== Segment start ==

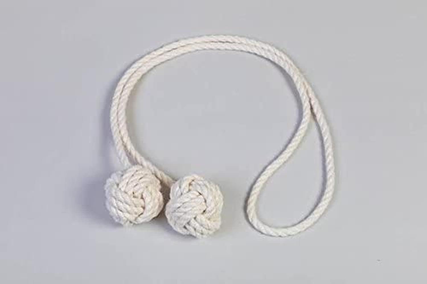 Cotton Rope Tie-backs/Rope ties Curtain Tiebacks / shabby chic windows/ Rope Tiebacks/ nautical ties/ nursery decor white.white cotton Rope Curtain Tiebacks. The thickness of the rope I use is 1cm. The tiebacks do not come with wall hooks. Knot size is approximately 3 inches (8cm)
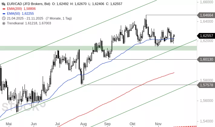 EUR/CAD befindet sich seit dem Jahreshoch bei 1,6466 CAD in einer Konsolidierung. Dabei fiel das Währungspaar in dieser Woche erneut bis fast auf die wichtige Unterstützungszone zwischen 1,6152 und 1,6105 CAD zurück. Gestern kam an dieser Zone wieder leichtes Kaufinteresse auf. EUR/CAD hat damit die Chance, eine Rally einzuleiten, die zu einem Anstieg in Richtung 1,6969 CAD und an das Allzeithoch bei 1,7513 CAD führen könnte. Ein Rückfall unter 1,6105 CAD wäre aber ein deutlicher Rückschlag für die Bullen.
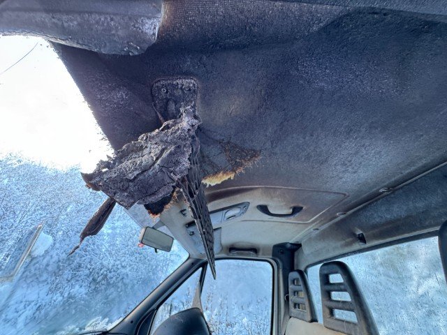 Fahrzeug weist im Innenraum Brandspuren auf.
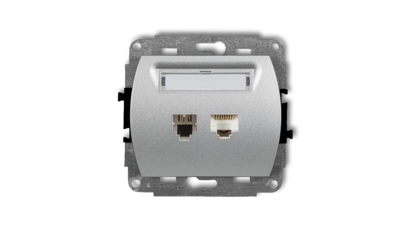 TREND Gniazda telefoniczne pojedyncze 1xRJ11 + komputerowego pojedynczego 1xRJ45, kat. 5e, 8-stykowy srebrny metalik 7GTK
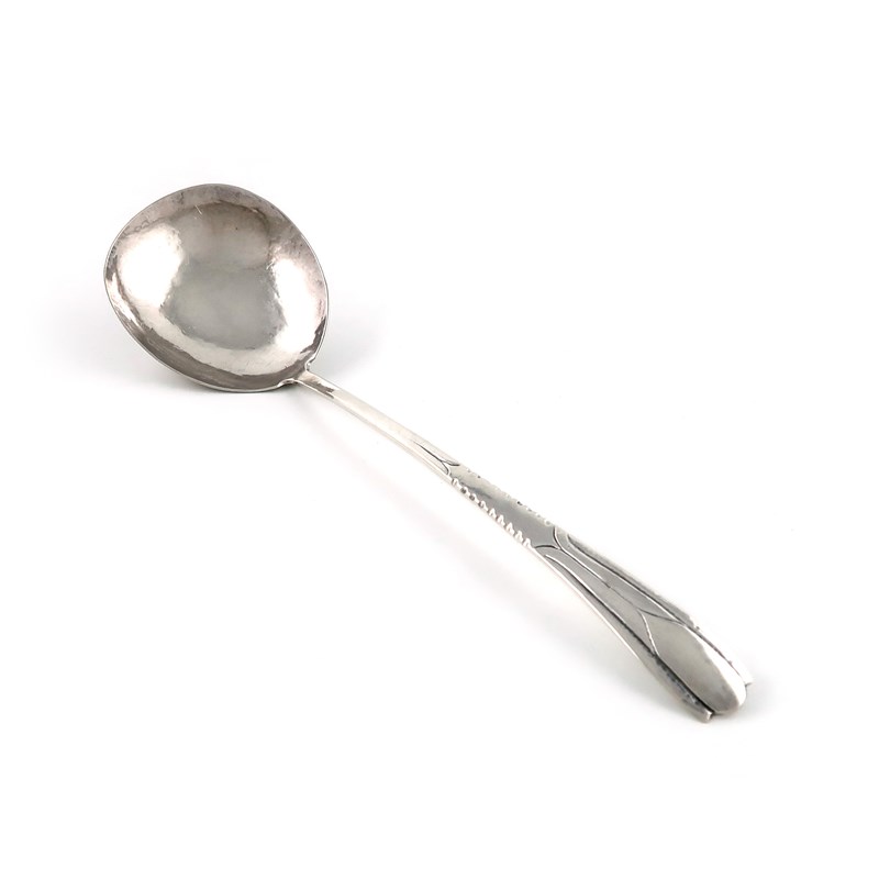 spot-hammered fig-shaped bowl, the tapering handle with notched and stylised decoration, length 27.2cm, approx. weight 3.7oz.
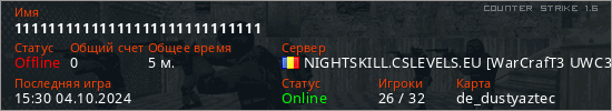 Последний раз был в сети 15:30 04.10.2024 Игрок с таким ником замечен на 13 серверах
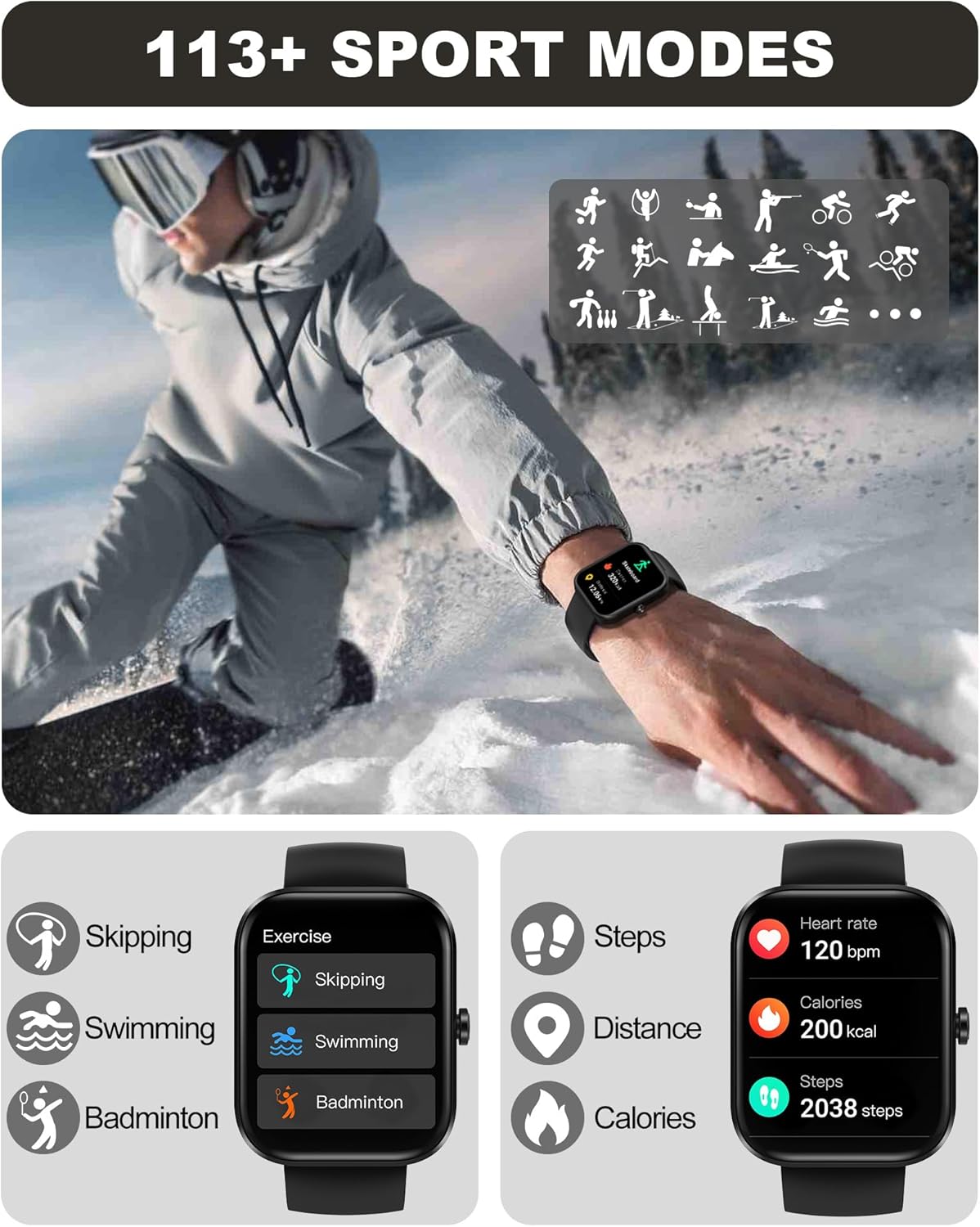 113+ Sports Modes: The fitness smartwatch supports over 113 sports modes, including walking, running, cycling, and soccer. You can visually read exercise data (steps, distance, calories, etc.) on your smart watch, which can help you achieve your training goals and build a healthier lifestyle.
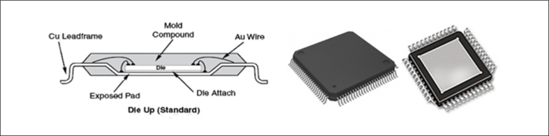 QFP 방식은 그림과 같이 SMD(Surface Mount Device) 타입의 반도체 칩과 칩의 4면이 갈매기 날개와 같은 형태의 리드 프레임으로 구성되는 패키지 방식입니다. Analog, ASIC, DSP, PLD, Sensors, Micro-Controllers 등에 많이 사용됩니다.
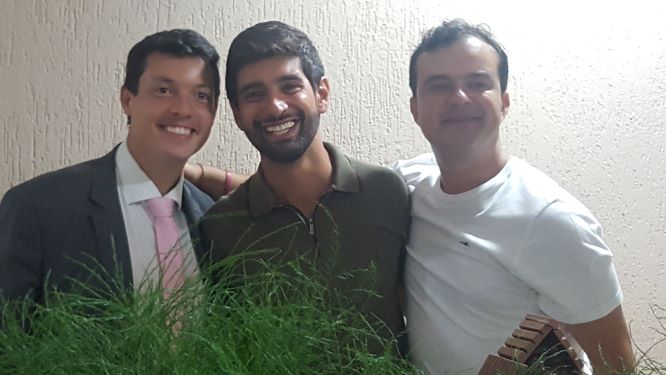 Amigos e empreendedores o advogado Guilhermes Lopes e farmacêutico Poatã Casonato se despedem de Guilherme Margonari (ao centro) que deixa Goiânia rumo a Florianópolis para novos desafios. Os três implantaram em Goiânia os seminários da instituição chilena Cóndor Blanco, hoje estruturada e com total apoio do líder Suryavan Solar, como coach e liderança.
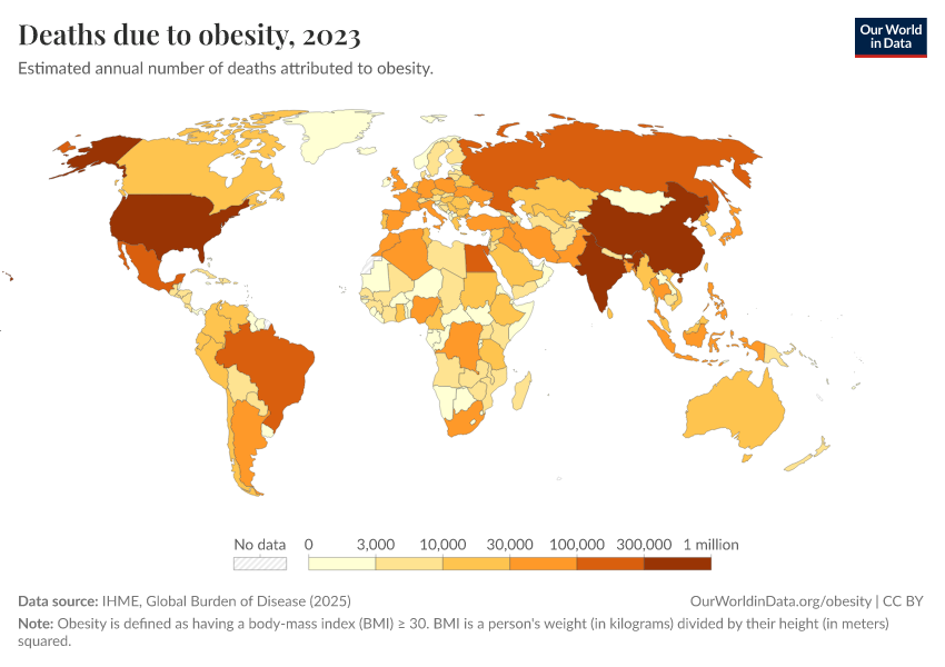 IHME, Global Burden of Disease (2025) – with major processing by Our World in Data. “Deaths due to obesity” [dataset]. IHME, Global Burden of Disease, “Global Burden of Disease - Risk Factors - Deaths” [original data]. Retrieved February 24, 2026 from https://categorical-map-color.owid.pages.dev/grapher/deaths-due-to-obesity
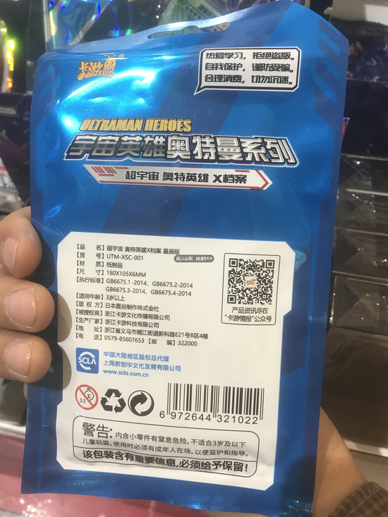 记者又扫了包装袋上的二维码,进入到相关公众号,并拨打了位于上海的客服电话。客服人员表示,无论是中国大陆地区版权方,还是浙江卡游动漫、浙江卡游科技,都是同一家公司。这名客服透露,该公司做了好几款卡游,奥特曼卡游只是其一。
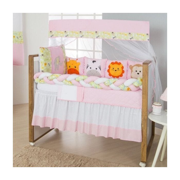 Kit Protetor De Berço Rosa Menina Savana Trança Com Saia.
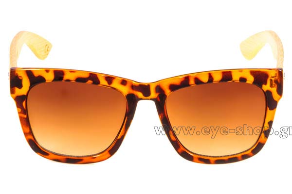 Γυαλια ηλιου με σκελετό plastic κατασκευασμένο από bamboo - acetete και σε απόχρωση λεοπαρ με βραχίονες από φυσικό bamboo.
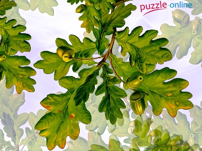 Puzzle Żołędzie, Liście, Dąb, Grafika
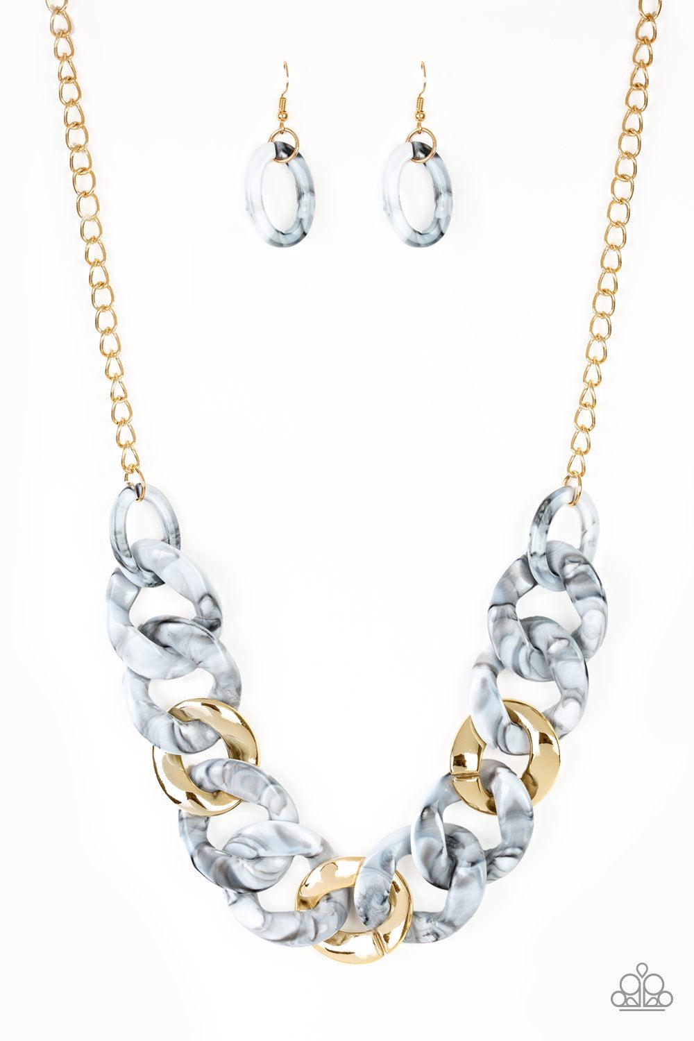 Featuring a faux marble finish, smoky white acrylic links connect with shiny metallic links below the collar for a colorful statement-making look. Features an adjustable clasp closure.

== Segment end ==

#### TASK DIRECTIONS:
Leaving pictures out, output the lines of the data above from the one with "QFP 방식은 그림과" through the one with "Amigos e empreendedores", word for word.

#### RESPONSE AREA:
 QFP 방식은 그림과 같이 SMD(Surface Mount Device) 타입의 반도체 칩과 칩의 4면이 갈매기 날개와 같은 형태의 리드 프레임으로 구성되는 패키지 방식입니다. Analog, ASIC, DSP, PLD, Sensors, Micro-Controllers 등에 많이 사용됩니다.
 Amigos e empreendedores o advogado Guilhermes Lopes e farmacêutico Poatã Casonato se despedem de Guilherme Margonari (ao centro) que deixa Goiânia rumo a Florianópolis para novos desafios. Os três implantaram em Goiânia os seminários da instituição chilena Cóndor Blanco, hoje estruturada e com total apoio do líder Suryavan Solar, como coach e liderança.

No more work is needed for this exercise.